Zu Beginn des Verhandlungstags verlas RAin Schneiders von der Verteidigung Hartmann einen Befangenheitsantrag gegen den gesamten Senat. Dieser drehte sich um die Vorladung des Richters vom Bundesgerichtshof zu Aussagen Hartmanns bei dessen Vorführung vor dem BGH. Schneiders führte aus, dass die Vertreter des GBA im Prozess, Killmer und Otto, bei dieser Zeugenvernehmung nicht hätten anwesend sein dürfen, weil sie beim BGH ebenfalls anwesend waren. Für diese Vernehmung hätte der GBA eine Vertretung schicken müssen. Da der Senat dies nicht angeordnet habe, sei er befangen. Im Anschluss daran verlas RA Clemens, ebenfalls von der Verteidigung Hartmann, einen weiteren Befangenheitsantrag. In diesem ging es nur um den Vorsitzenden Richter Sagebiel, u.a. wegen einer flapsigen Bemerkung von ihm, dass er Clemens nicht glaube und wegen einer Terminkollision zwischen dem Prozess in Frankfurt und einer anderen Verhandlung, an der Clemens als Anwalt teilnimmt.

Der Senat verlas dann einen weiteren Teil der Handakte von Ernsts Ex-Anwalt Frank Hannig, der bei der letzten Verlesung vergessen wurde.
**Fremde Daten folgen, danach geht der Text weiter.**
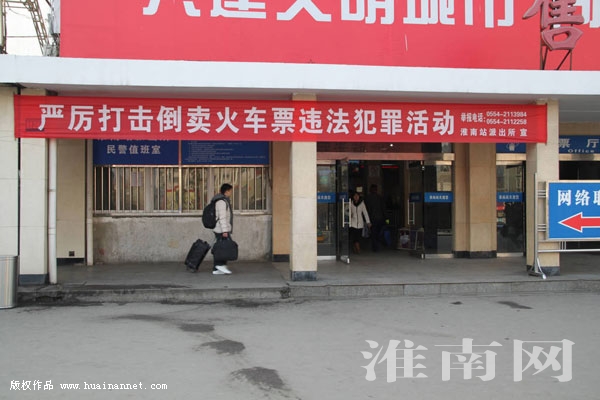12月14日上午,淮河早報、淮南網(wǎng)記者在淮南火車站看到,鐵路派出所已在售票大廳門前拉起打擊倒賣車票違法犯罪活動的宣傳橫幅,同時有民警正在幾處顯眼位置上張貼宣傳告示,橫幅和告示上均留下了舉報電話。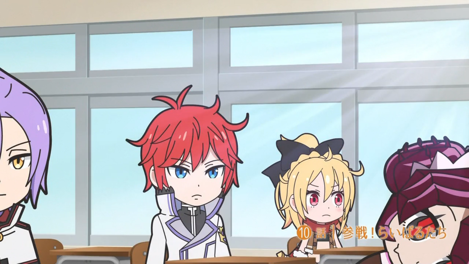 Subaru natsuki is a guy in a tracksuit which is surprising from the rest of his classmates.

Es ging um handschriftliche Notizen von Stephan Ernst. Darin schrieb er, er sei in der Tatnacht ein Stück die Terrasse hoch auf Walter Lübcke zugegangen, Hartmann sei zur gleichen Zeit gekommen und Lübcke habe sie bemerkt. Auch hier wurde ein Wortwechsel beschrieben. Er, Ernst, habe den Hahn der Waffe schon gespannt gehabt, ein Schuss habe sich gelöst, er habe Lübcke nicht töten wollen. Der Senat verlas einen weiteren Punkt aus den Notizen, die besagten, dass Hannig mit Informationen an die Öffentlichkeit gehen dürfte; er, Ernst, bestätige, dass Hannig seine Worte widergibt, wenn er sich öffentlich zum Fall äußert.
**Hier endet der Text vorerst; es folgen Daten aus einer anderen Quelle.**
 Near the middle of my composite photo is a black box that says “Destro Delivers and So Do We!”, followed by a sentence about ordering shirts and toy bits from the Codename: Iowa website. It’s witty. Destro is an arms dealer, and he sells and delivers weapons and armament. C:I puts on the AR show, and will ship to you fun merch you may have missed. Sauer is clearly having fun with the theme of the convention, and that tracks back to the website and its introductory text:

Danach war erneut der Waffensachverständige Welkerling geladen. Er hatte nunmehr im Auftrag des Gerichts die bei Hartmann gefundene Dekowaffe wieder funktionstüchtig gemacht. Er zeigte von diesem Vorgang eine Fotodokumentation. Auf dieser war ersichtlich, dass die Waffe mithilfe von handelsüblichen Werkzeugen und mit zwei Teilen aus einer baugleichen Waffe innerhalb von wenigen Stunden wieder funktionsfähig machen konnte. Von dem Beschusstest brachte der Sachverständige außerdem ein Video mit. Es folgte eine längere allgemeine Diskussion zwischen dem Sachverständigen und der Verteidigung Hartmann sowie dem Angeklagten Hartmann selbst, die dadurch beendet wurde, dass Sagebiel klarstellte, dass in diesem Prozess im Vordergrund stünde, ob der Abzug unbenutzbar gemacht wurde und nicht die Waffe insgesamt.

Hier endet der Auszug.